_DATASET EXCERPT:_
------------------------------------
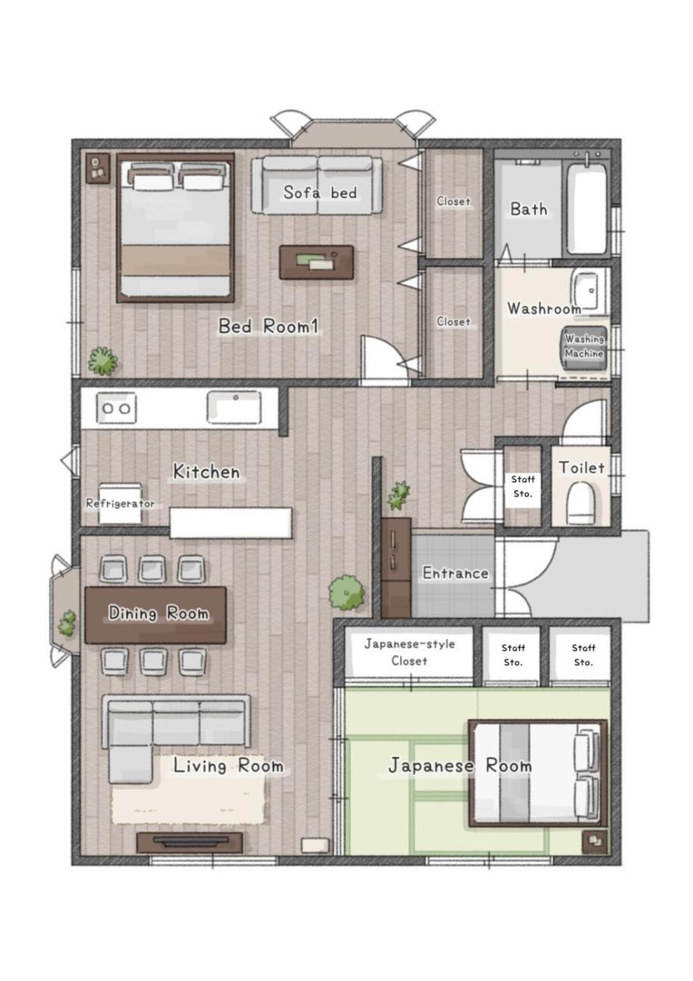 Two-Bedroom Apartment. Featuring a private entrance, this air-conditioned apartment consists of 1 living room, 2 separate bedrooms and 1 bathroom with a bath and a shower. Guests can make meals in the kitchen that is equipped with a stovetop, a refrigerator, kitchenware and a microwave. The spacious apartment provides a flat-screen TV with streaming services, a washing machine, tatami, a tea and coffee maker as well as garden views. The unit offers 4 beds.
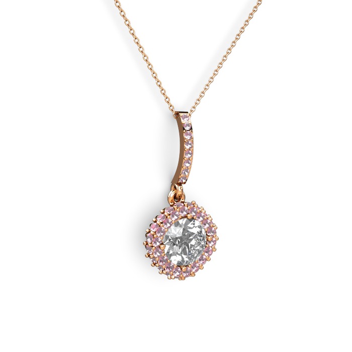 Beyaz zirkon ve pembe kuvars 8 ayar rose altın kolye (40 cm rose altın rolo zincir)
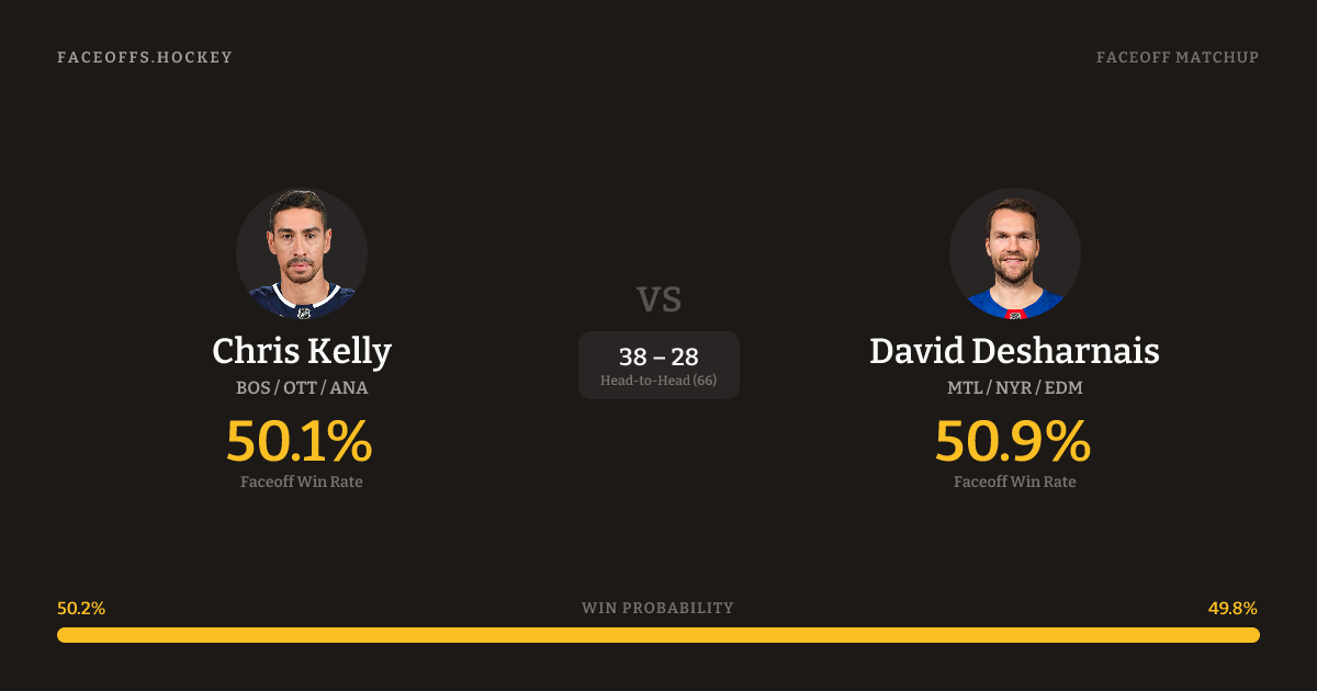 Chris Kelly vs David Desharnais — Faceoff Head-to-Head
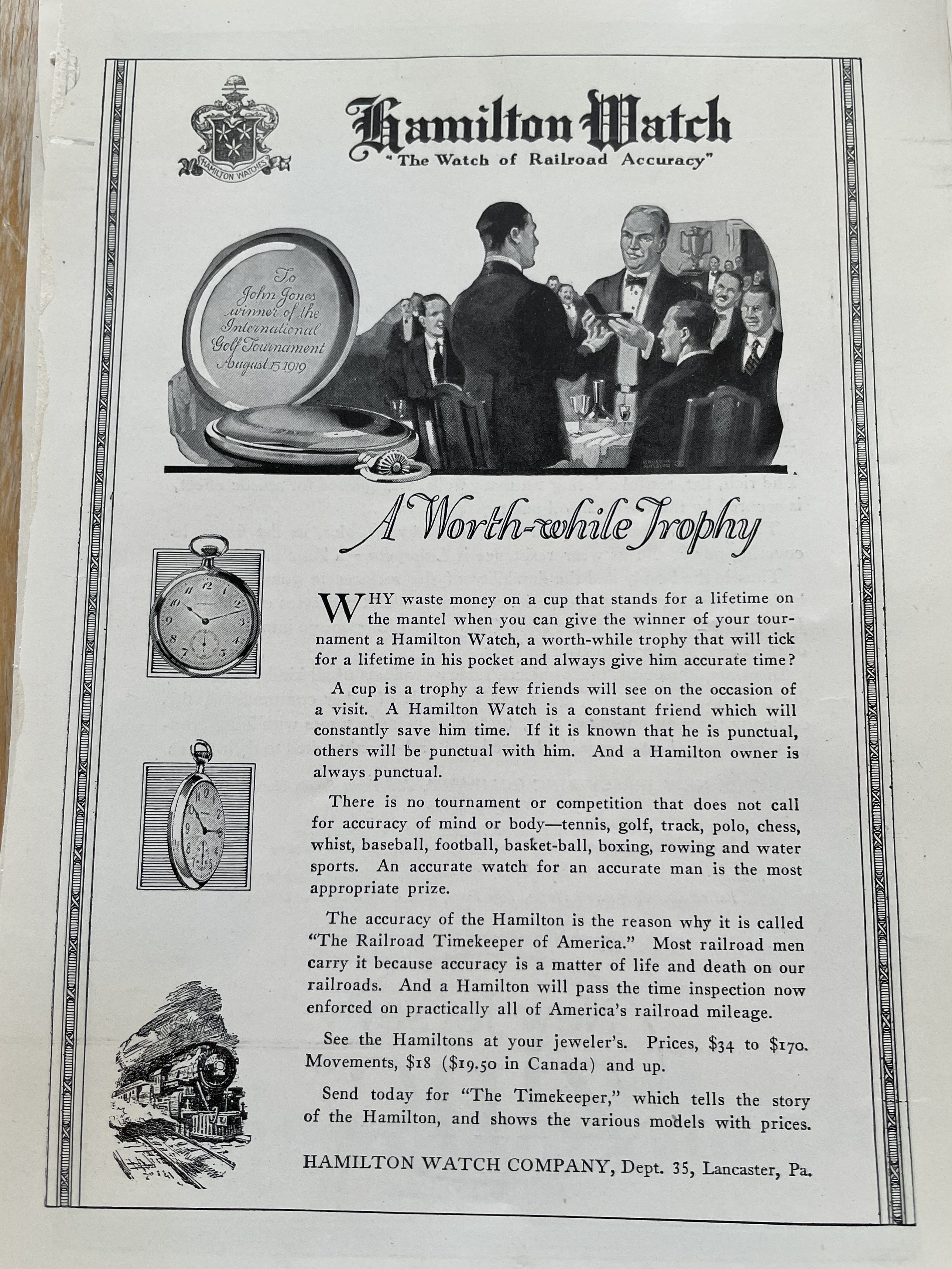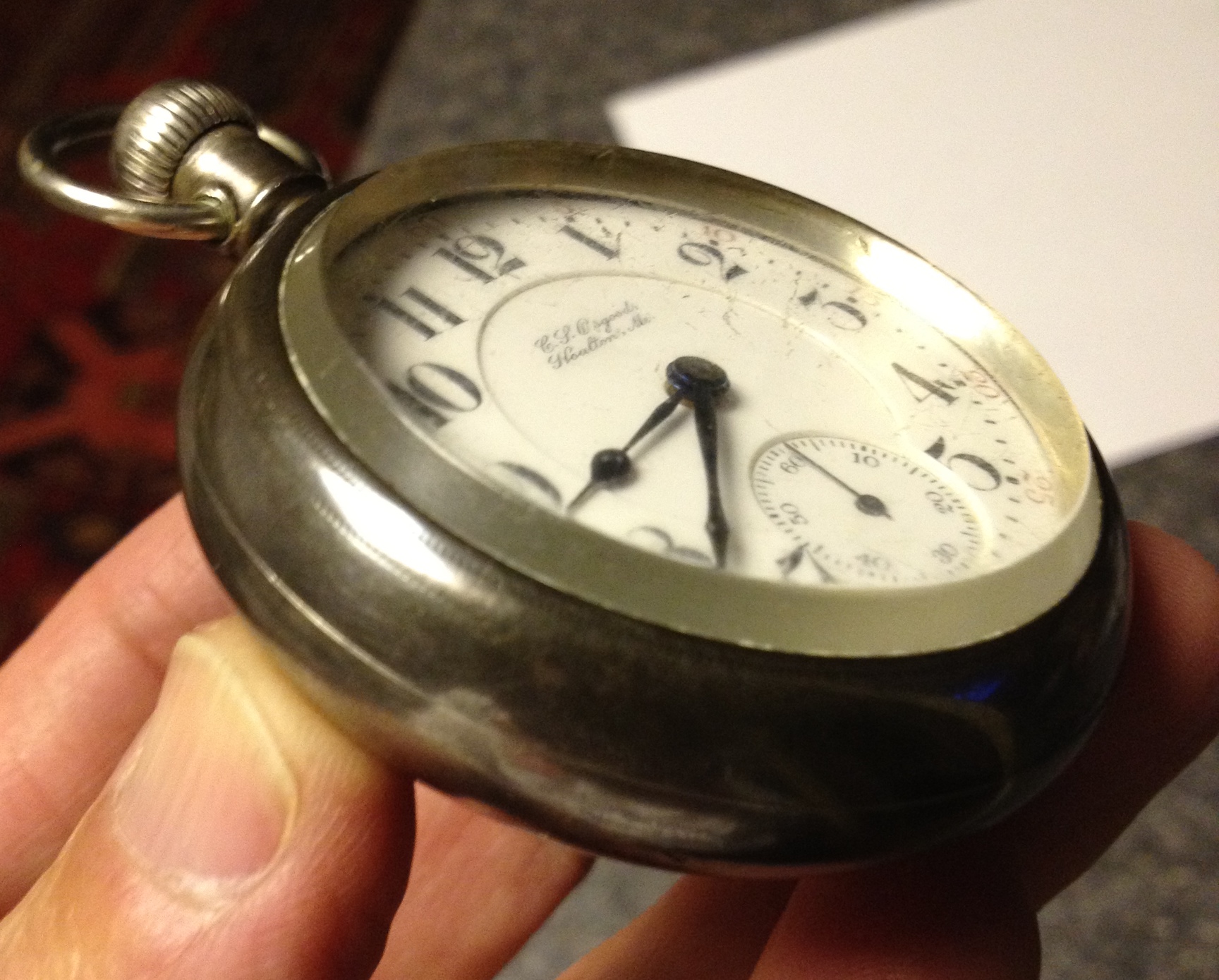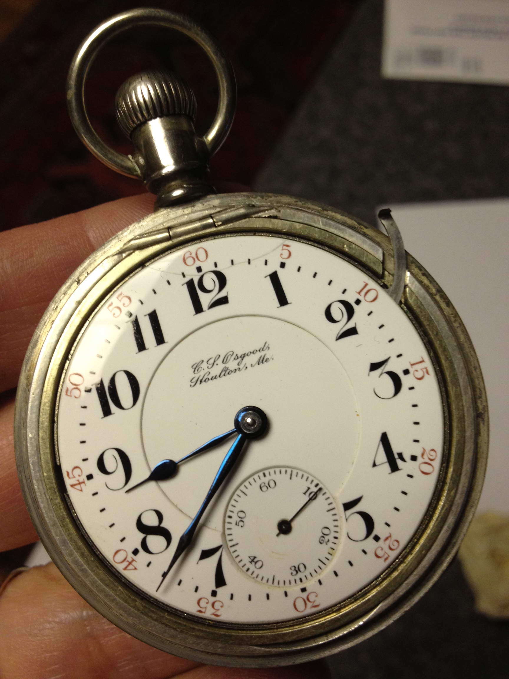 I did the job. It turned out far better than I expected it would. For the price I charged him, I didn’t replace the balance staff, so it was not possible to poise the balance wheel, but it now runs true and flat, and has been within two minutes in the last week. Not good enough if the job had come to me originally, or if the watch was being added to my collection, but good enough under the circumstances. I turned out rather well. I charged him $300.00 (Cdn.).
------------------------------------
_GOAL OF THE EXERCISE:_
Within the listing above, write out the stretch from the line with "Beyaz zirkon ve" through the line with "Chris Kelly vs" exactly. Any pictures are to be left out.

_THE ANSWER:_
 Beyaz zirkon ve pembe kuvars 8 ayar rose altın kolye (40 cm rose altın rolo zincir)
 Chris Kelly vs David Desharnais — Faceoff Head-to-Head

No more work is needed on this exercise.